In the records below, find the line with "کت کرپ شانتون" and repeat exactly every line from it through the line with "Tutto sulle squadre". Pictures stay out.
*** Opening RECORD EXCERPTS ***
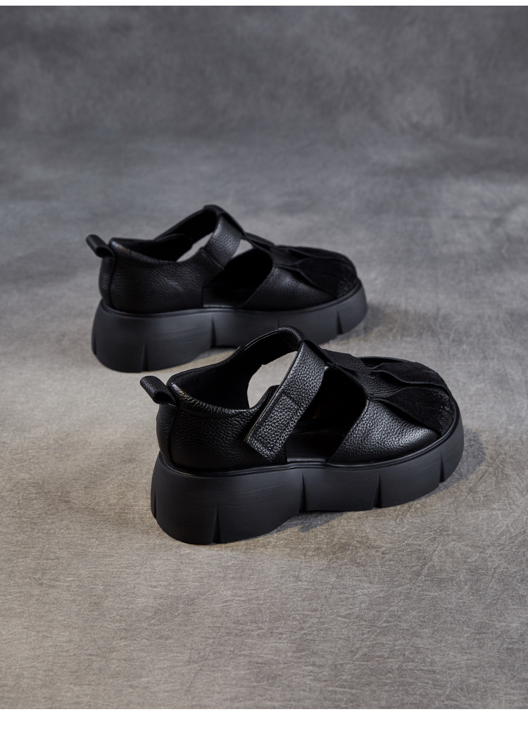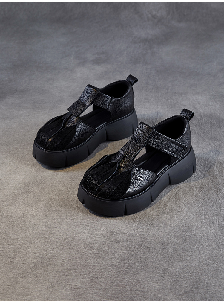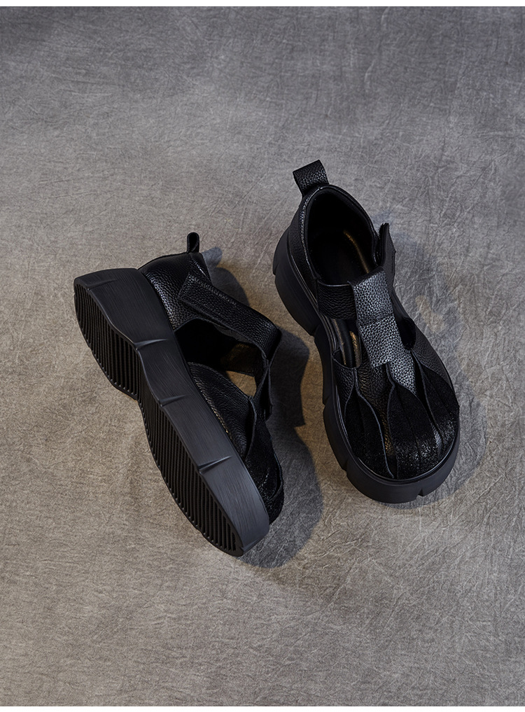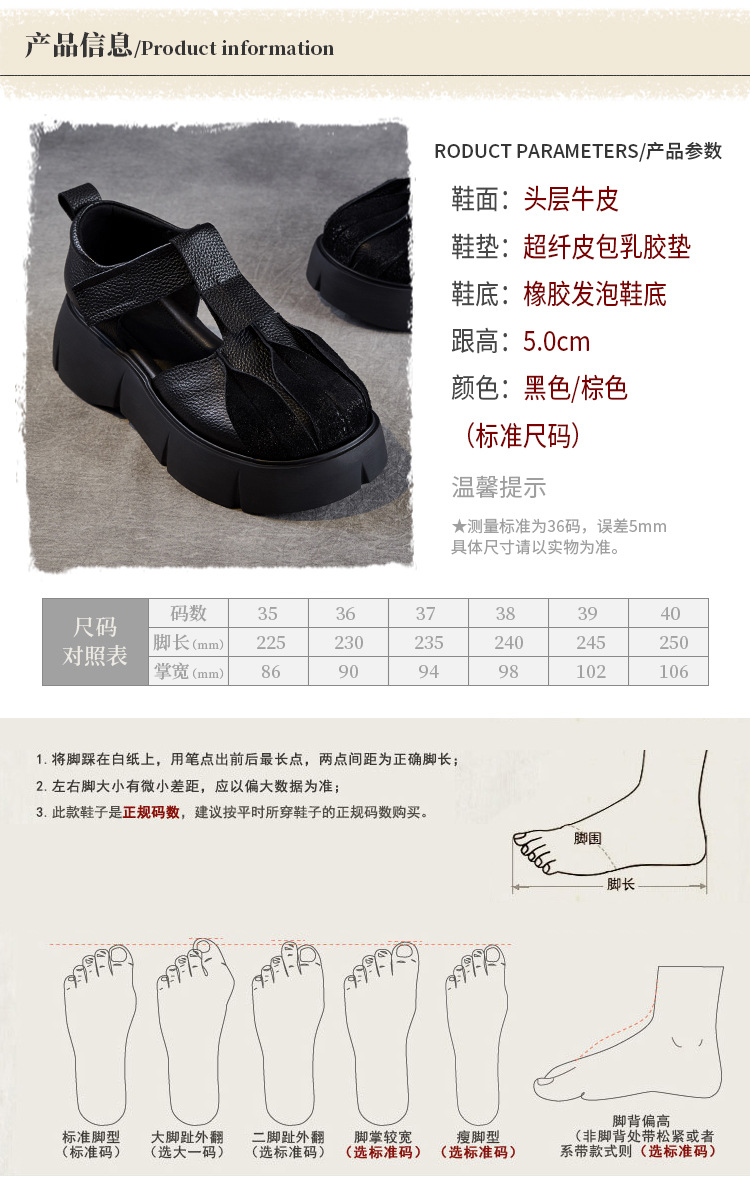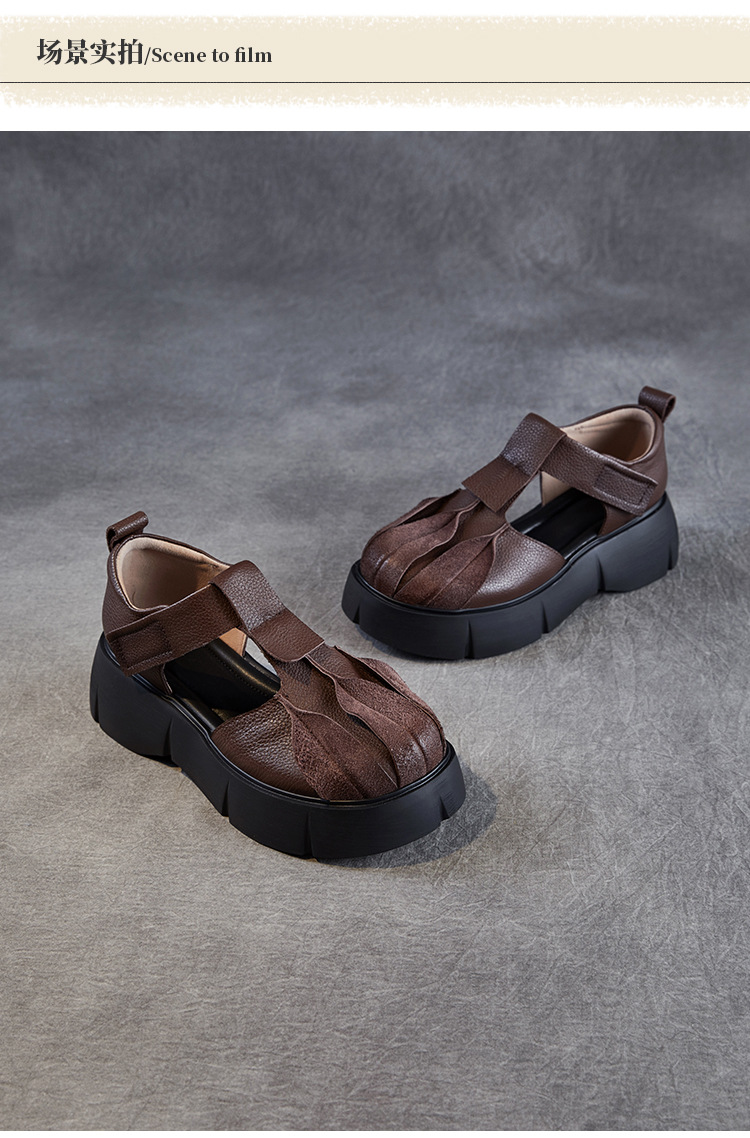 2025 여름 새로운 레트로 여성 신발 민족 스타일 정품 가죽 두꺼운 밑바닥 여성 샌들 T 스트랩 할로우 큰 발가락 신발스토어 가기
*** Closing RECORD EXCERPTS ***
*** Opening RECORD EXCERPTS ***
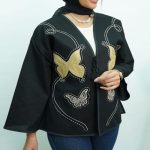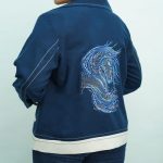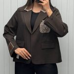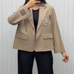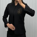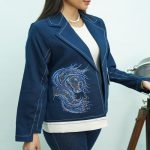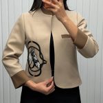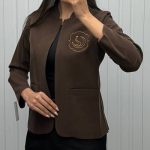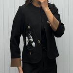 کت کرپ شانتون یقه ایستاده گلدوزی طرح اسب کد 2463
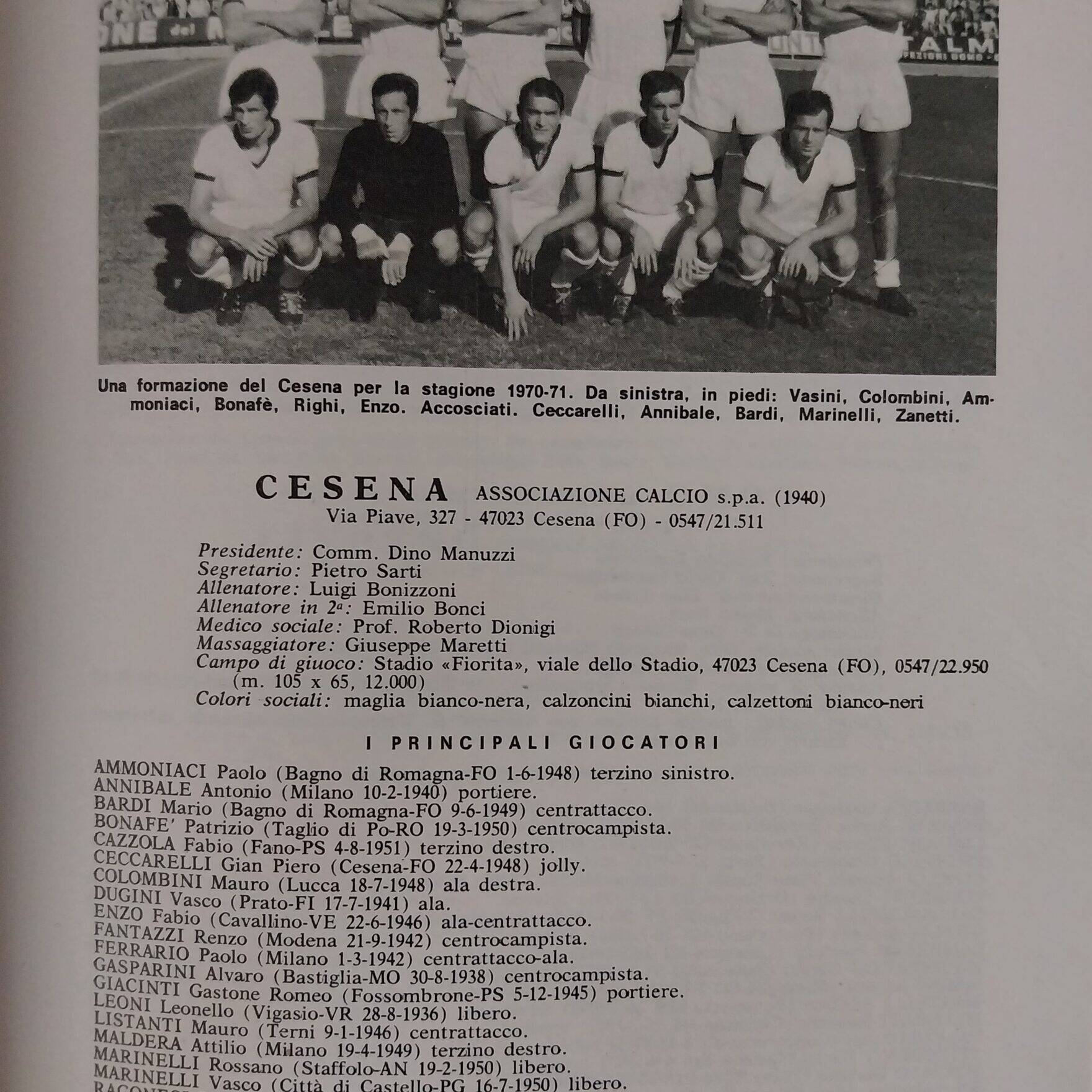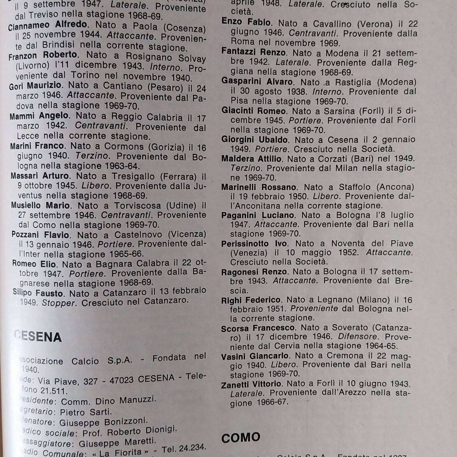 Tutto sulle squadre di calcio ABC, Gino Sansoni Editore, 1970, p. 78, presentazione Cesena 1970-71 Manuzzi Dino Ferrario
*** Closing RECORD EXCERPTS ***
> [RESPONSE AREA]
 کت کرپ شانتون یقه ایستاده گلدوزی طرح اسب کد 2463
 Tutto sulle squadre di calcio ABC, Gino Sansoni Editore, 1970, p. 78, presentazione Cesena 1970-71 Manuzzi Dino Ferrario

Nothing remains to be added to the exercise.